Potassium concentration in venous effluent blood (Kven+) was transiently increased after isometric tetani. Since blood flow was measured at the same time, it was possible to calculate the amount of K+ lost by the muscle after tetani of various durations. A 32 g gastrocnemius muscle of the cat, for example, loses 9.36±1.52 μEqK+ after a 20-s isometric tetanus, which corresponds roughly to 0.5% of the total muscle potassium content. The loss of K+ in this muscle was 29.3 pEq K+/impulse/100 g fresh muscle tissue.
There was no evident difference between the amount of K+ released during isometric tetani, or tetanic contractions performed under isotonic conditions. Single twitches evoked by indirect stimulation at 1 Hz for several minutes also induced a small rise in Kven+.

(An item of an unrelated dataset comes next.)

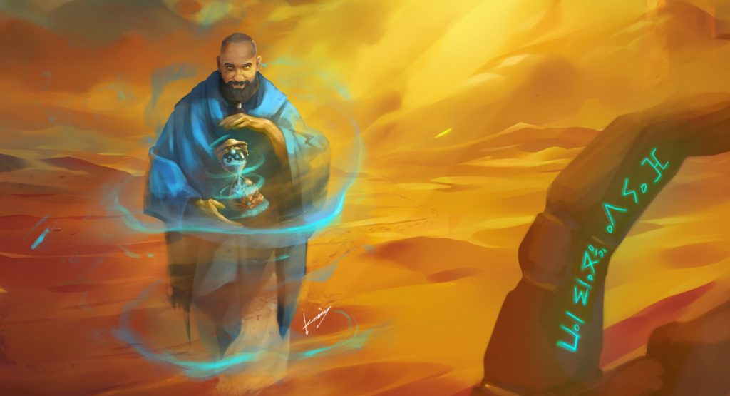 Le visuel principal met en scène Mr. ID dans un désert incandescent, marchant tel un voyageur initiatique, tenant un sablier-talisman.

If the loss of K+ from the muscle into the blood stream is transiently prevented by arterio-venous occlusion installed immediately before a 10-s isometric tetanus, most K+ is released subsequently when blood flow is renewed, if the occlusion lasts for 20–25 s. It is not until blood flow is occluded for 40–60 s that most K+ is apparently resorbed and only a minor portion is released and is to be found in the venous blood.
The transient accumulation of muscle extracellular potassium may locally affect nerve endings, skeletal and smooth muscle cells.